● **Aim of the task**
Restate the entries below exactly, and keep all images out of the answer.
____________________
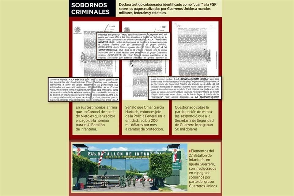 "Juan", un testigo clave en las indagaciones sobre la desaparición de los 43 normalistas de Ayotzinapa, declaró ante la Fiscalía General de la República (FGR) que el actual titular de la seguridad capitalina, Omar García Harfuch, recibía mensualmente 200 mil dólares del cártel Guerreros Unidos.
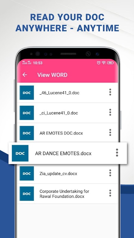 Docx file viewer integrates two function manage docx and read docx file on the phone screen. Docx file viewer app has a simple interface and makes it easier to read docx file and manage doc file with docx viewer & docx reader. Doc viewer tool that allows you to open, navigate, preview and read docx file with doc reader.
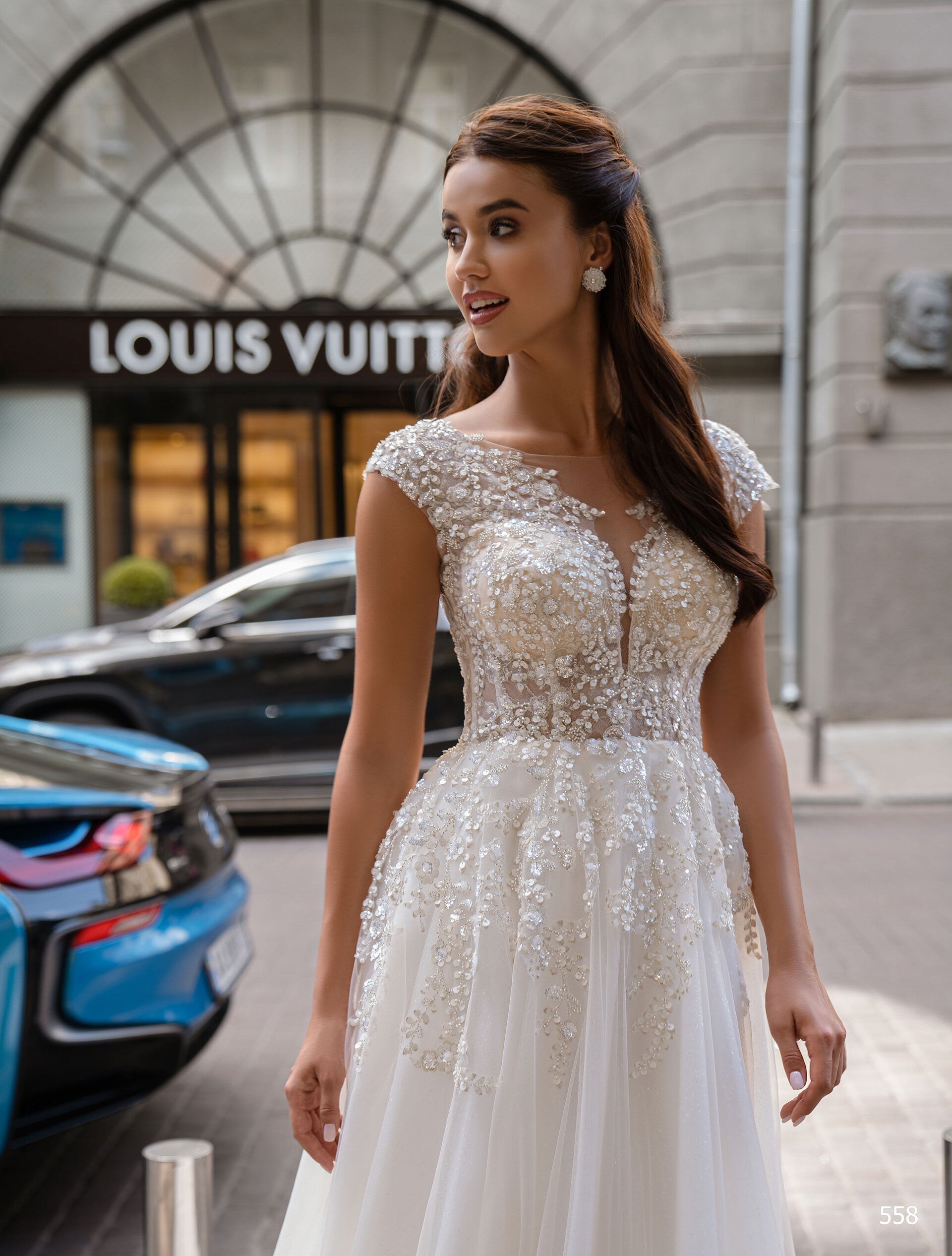 A dress that deserves attention! The Princess wedding dress is a combination of unique appliques with beads, sequins, and sparkling tulle. It features a V-neckline and a beautiful skirt with a train.
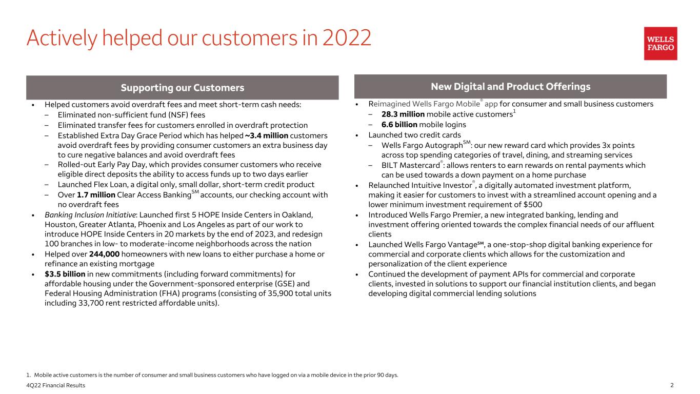 24Q22 Financial Results • Helped customers avoid overdraft fees and meet short-term cash needs: – Eliminated non-sufficient fund (NSF) fees – Eliminated transfer fees for customers enrolled in overdraft protection – Established Extra Day Grace Period which has helped ~3.4 million customers avoid overdraft fees by providing consumer customers an extra business day to cure negative balances and avoid overdraft fees – Rolled-out Early Pay Day, which provides consumer customers who receive eligible direct deposits the ability to access funds up to two days earlier – Launched Flex Loan, a digital only, small dollar, short-term credit product – Over 1.7 million Clear Access BankingSM accounts, our checking account with no overdraft fees • Banking Inclusion Initiative: Launched first 5 HOPE Inside Centers in Oakland, Houston, Greater Atlanta, Phoenix and Los Angeles as part of our work to introduce HOPE Inside Centers in 20 markets by the end of 2023, and redesign 100 branches in low‑ to moderate‑income neighborhoods across the nation • Helped over 244,000 homeowners with new loans to either purchase a home or refinance an existing mortgage • $3.5 billion in new commitments (including forward commitments) for affordable housing under the Government-sponsored enterprise (GSE) and Federal Housing Administration (FHA) programs (consisting of 35,900 total units including 33,700 rent restricted affordable units). Actively helped our customers in 2022 Supporting our Customers • Reimagined Wells Fargo Mobile® app for consumer and small business customers – 28.3 million mobile active customers1 – 6.6 billion mobile logins • Launched two credit cards – Wells Fargo AutographSM: our new reward card which provides 3x points across top spending categories of travel, dining, and streaming services – BILT Mastercard®: allows renters to earn rewards on rental payments which can be used towards a down payment on a home purchase • Relaunched Intuitive Investor®, a digitally automated investment platform, making it easier for customers to invest with a streamlined account opening and a lower minimum investment requirement of $500 • Introduced Wells Fargo Premier, a new integrated banking, lending and investment offering oriented towards the complex financial needs of our affluent clients • Launched Wells Fargo Vantage℠, a one-stop-shop digital banking experience for commercial and corporate clients which allows for the customization and personalization of the client experience • Continued the development of payment APIs for commercial and corporate clients, invested in solutions to support our financial institution clients, and began developing digital commercial lending solutions New Digital and Product Offerings 1. Mobile active customers is the number of consumer and small business customers who have logged on via a mobile device in the prior 90 days.
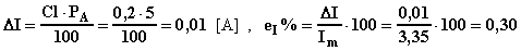 si può calcolare come potenza dissipata internamente all'amperometro oppure come caduta di tensione interna all'amperometro (nel caso lo strumento fosse stato un voltmetro, anziché calcolare la c.d.t. si deve calcolare la corrente derivata), quindi:
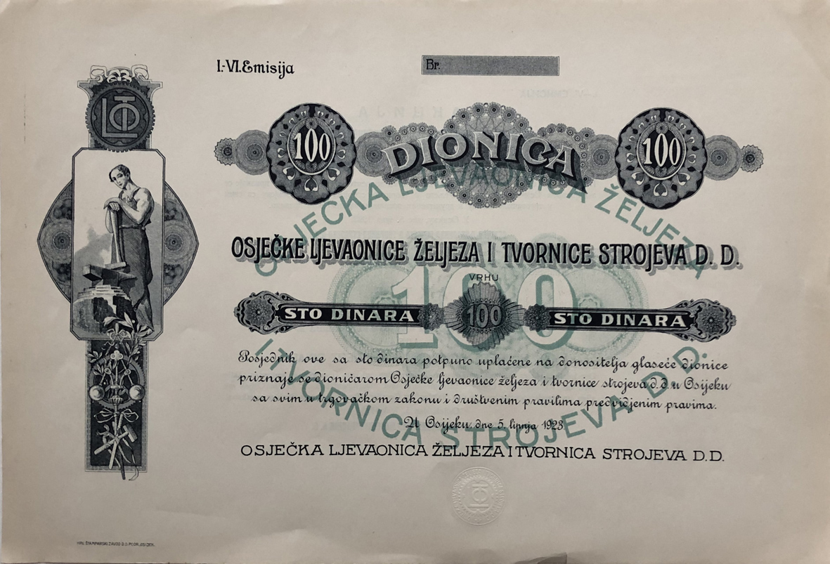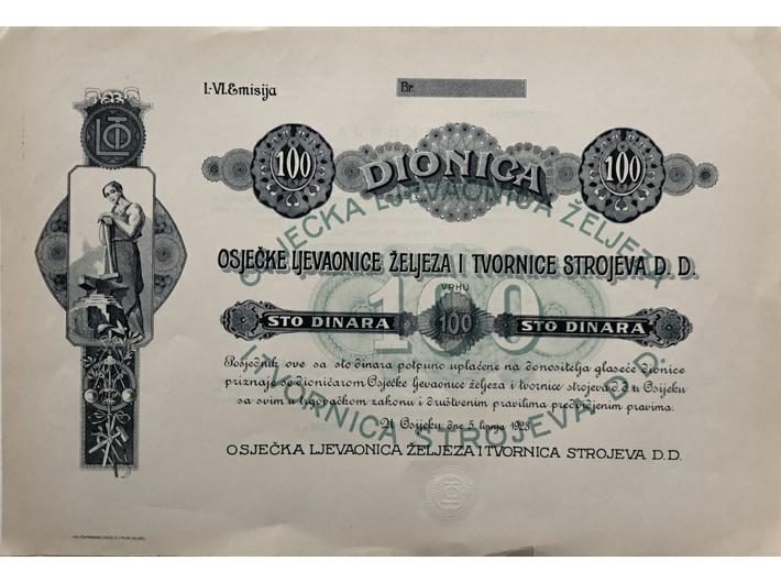• OSIJEK, dionica "Osječka ljevaonica željeza i tvornica strojeva" d.d., 100 dinara, 5.6.1923., 40x27 cm
____________________
● **Reply to the task**
 "Juan", un testigo clave en las indagaciones sobre la desaparición de los 43 normalistas de Ayotzinapa, declaró ante la Fiscalía General de la República (FGR) que el actual titular de la seguridad capitalina, Omar García Harfuch, recibía mensualmente 200 mil dólares del cártel Guerreros Unidos.
 Docx file viewer integrates two function manage docx and read docx file on the phone screen. Docx file viewer app has a simple interface and makes it easier to read docx file and manage doc file with docx viewer & docx reader. Doc viewer tool that allows you to open, navigate, preview and read docx file with doc reader.
 A dress that deserves attention! The Princess wedding dress is a combination of unique appliques with beads, sequins, and sparkling tulle. It features a V-neckline and a beautiful skirt with a train.
 24Q22 Financial Results • Helped customers avoid overdraft fees and meet short-term cash needs: – Eliminated non-sufficient fund (NSF) fees – Eliminated transfer fees for customers enrolled in overdraft protection – Established Extra Day Grace Period which has helped ~3.4 million customers avoid overdraft fees by providing consumer customers an extra business day to cure negative balances and avoid overdraft fees – Rolled-out Early Pay Day, which provides consumer customers who receive eligible direct deposits the ability to access funds up to two days earlier – Launched Flex Loan, a digital only, small dollar, short-term credit product – Over 1.7 million Clear Access BankingSM accounts, our checking account with no overdraft fees • Banking Inclusion Initiative: Launched first 5 HOPE Inside Centers in Oakland, Houston, Greater Atlanta, Phoenix and Los Angeles as part of our work to introduce HOPE Inside Centers in 20 markets by the end of 2023, and redesign 100 branches in low‑ to moderate‑income neighborhoods across the nation • Helped over 244,000 homeowners with new loans to either purchase a home or refinance an existing mortgage • $3.5 billion in new commitments (including forward commitments) for affordable housing under the Government-sponsored enterprise (GSE) and Federal Housing Administration (FHA) programs (consisting of 35,900 total units including 33,700 rent restricted affordable units). Actively helped our customers in 2022 Supporting our Customers • Reimagined Wells Fargo Mobile® app for consumer and small business customers – 28.3 million mobile active customers1 – 6.6 billion mobile logins • Launched two credit cards – Wells Fargo AutographSM: our new reward card which provides 3x points across top spending categories of travel, dining, and streaming services – BILT Mastercard®: allows renters to earn rewards on rental payments which can be used towards a down payment on a home purchase • Relaunched Intuitive Investor®, a digitally automated investment platform, making it easier for customers to invest with a streamlined account opening and a lower minimum investment requirement of $500 • Introduced Wells Fargo Premier, a new integrated banking, lending and investment offering oriented towards the complex financial needs of our affluent clients • Launched Wells Fargo Vantage℠, a one-stop-shop digital banking experience for commercial and corporate clients which allows for the customization and personalization of the client experience • Continued the development of payment APIs for commercial and corporate clients, invested in solutions to support our financial institution clients, and began developing digital commercial lending solutions New Digital and Product Offerings 1. Mobile active customers is the number of consumer and small business customers who have logged on via a mobile device in the prior 90 days.
 si può calcolare come potenza dissipata internamente all'amperometro oppure come caduta di tensione interna all'amperometro (nel caso lo strumento fosse stato un voltmetro, anziché calcolare la c.d.t. si deve calcolare la corrente derivata), quindi:
• OSIJEK, dionica "Osječka ljevaonica željeza i tvornica strojeva" d.d., 100 dinara, 5.6.1923., 40x27 cm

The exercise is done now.